**DATA UNDER STUDY**.
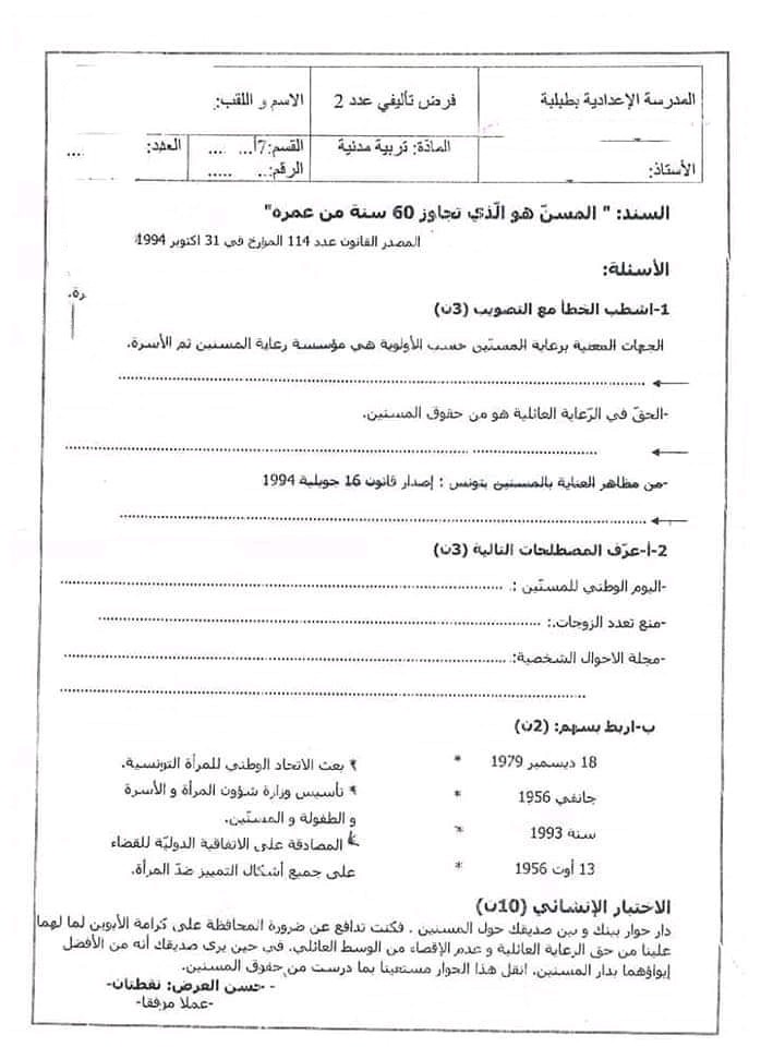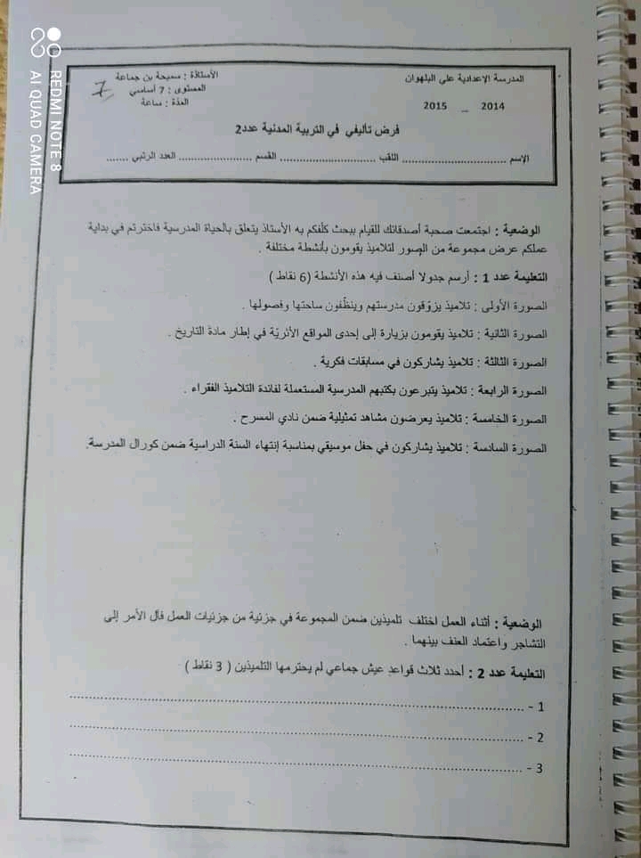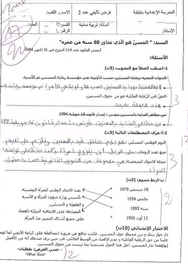 اصلاح فرض تأليفي عدد 2 تربية مدنية سابعة أساسي
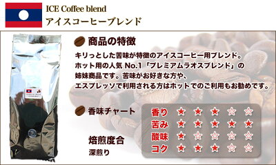 味のポイント キリッとした苦味が特徴のアイスコーヒー用ブレンド ホット用人気No.1プレミアムラオスブレンドの姉妹商品です。
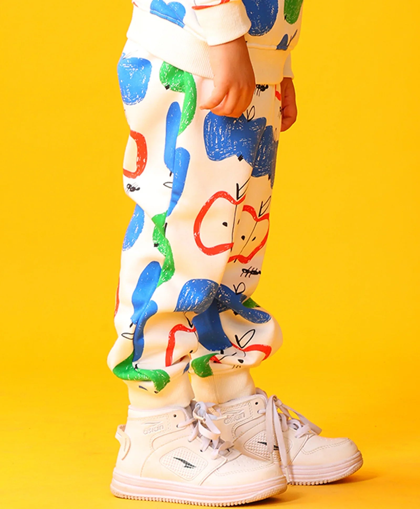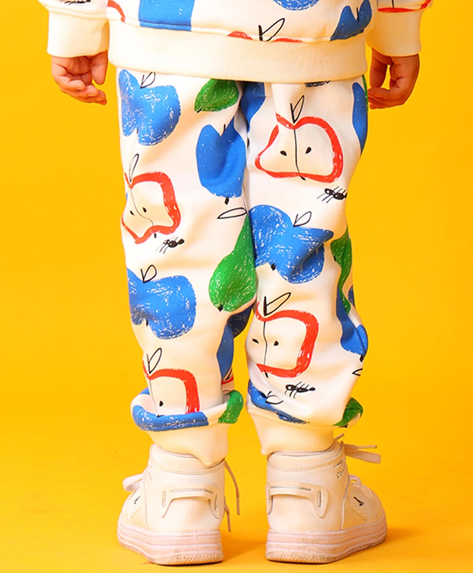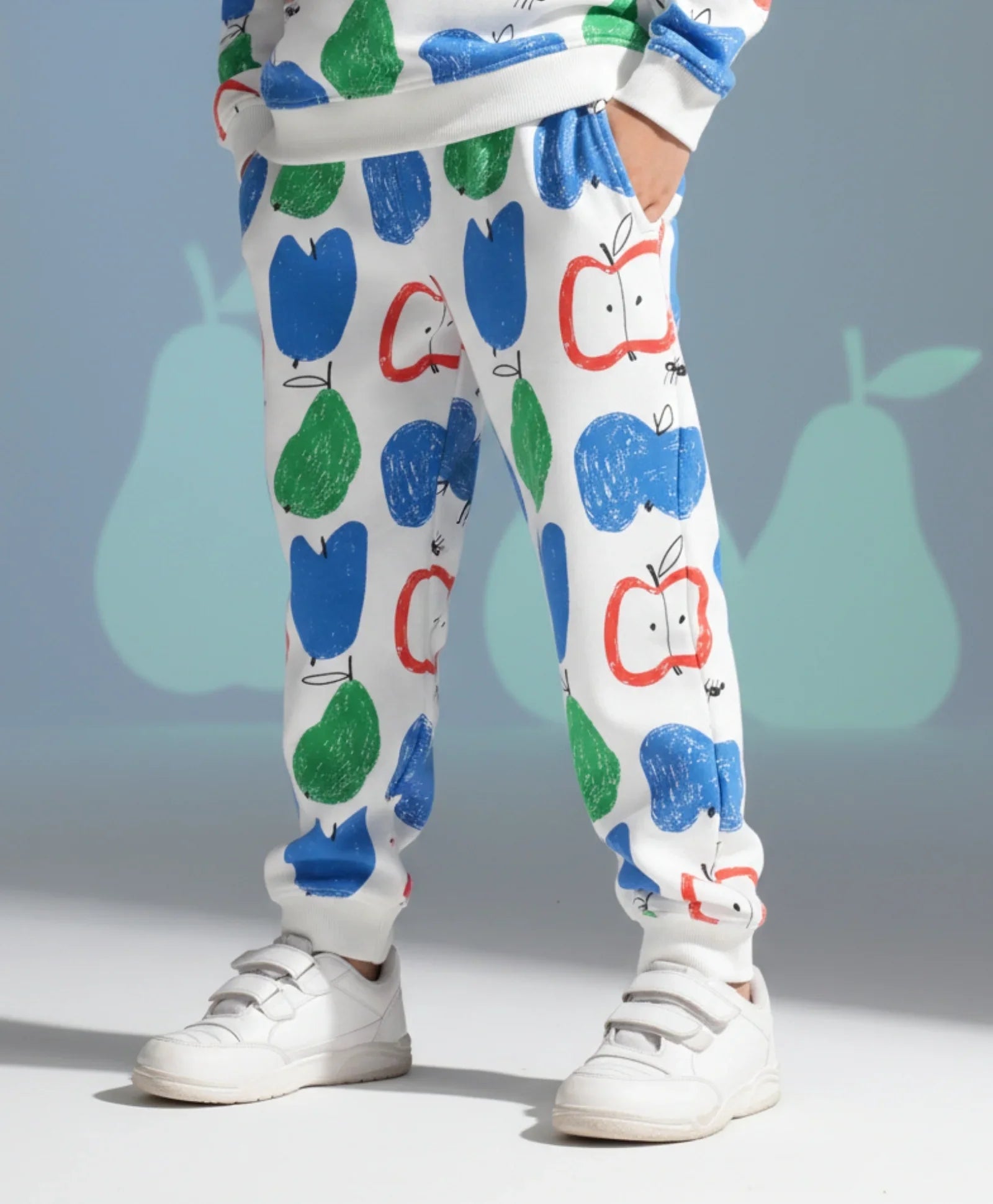 Assemble the perfect comfy look with the APPLE PEAR BOYS FLEECE JOGGER - WHITE. These fresh joggers feature a crisp, ALL OVER PRINTED design of apples and pears on white fabric. Crafted from soft FLEECE, they promise supreme warmth and a relaxed fit, adding a touch of fruity fun to his day.
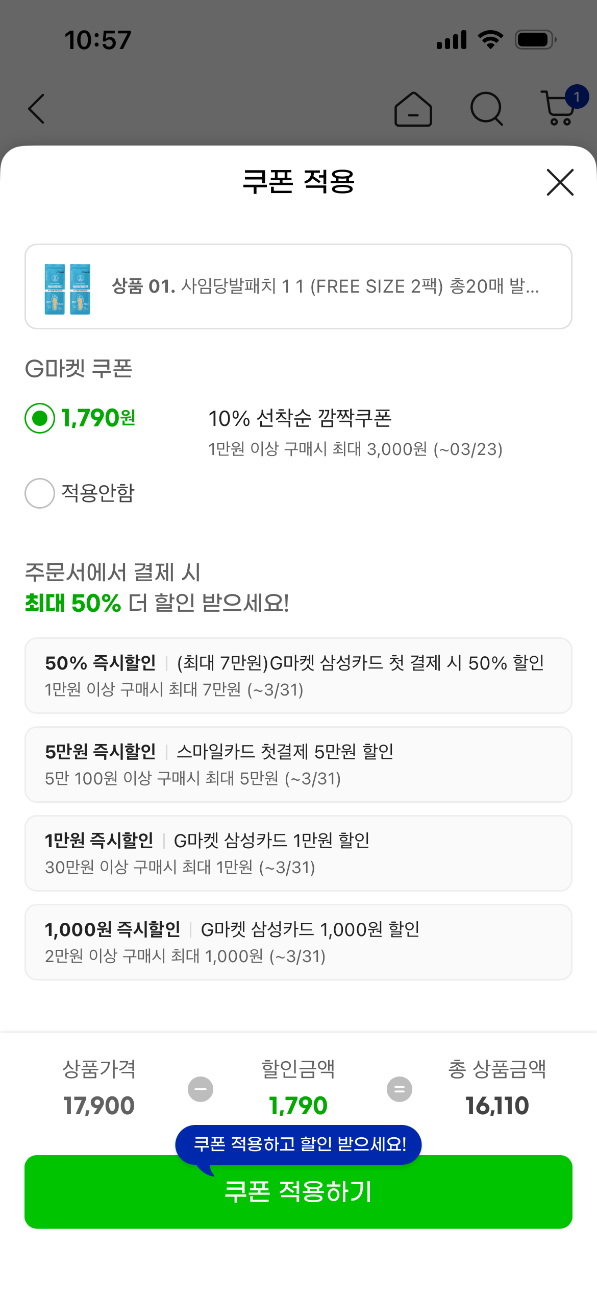 [지마켓] 사임당발패치 1+1 (FREE SIZE 2팩) 총20매(16,110원/무료) > 국내핫딜
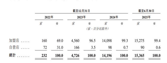 2022年、2023年、2024年、2025年上半年公司关闭的加盟店数量分别为3家、75家、208家、290家。2025年上半年关闭加盟店数量已超过去三年总和。

**WHAT TO DO**. An exact copy of the records above is required, leaving out the pictures.

**ANSWER TO THE PROBLEM**.
 اصلاح فرض تأليفي عدد 2 تربية مدنية سابعة أساسي
 味のポイント キリッとした苦味が特徴のアイスコーヒー用ブレンド ホット用人気No.1プレミアムラオスブレンドの姉妹商品です。
 Assemble the perfect comfy look with the APPLE PEAR BOYS FLEECE JOGGER - WHITE. These fresh joggers feature a crisp, ALL OVER PRINTED design of apples and pears on white fabric. Crafted from soft FLEECE, they promise supreme warmth and a relaxed fit, adding a touch of fruity fun to his day.
 [지마켓] 사임당발패치 1+1 (FREE SIZE 2팩) 총20매(16,110원/무료) > 국내핫딜
 2022年、2023年、2024年、2025年上半年公司关闭的加盟店数量分别为3家、75家、208家、290家。2025年上半年关闭加盟店数量已超过去三年总和。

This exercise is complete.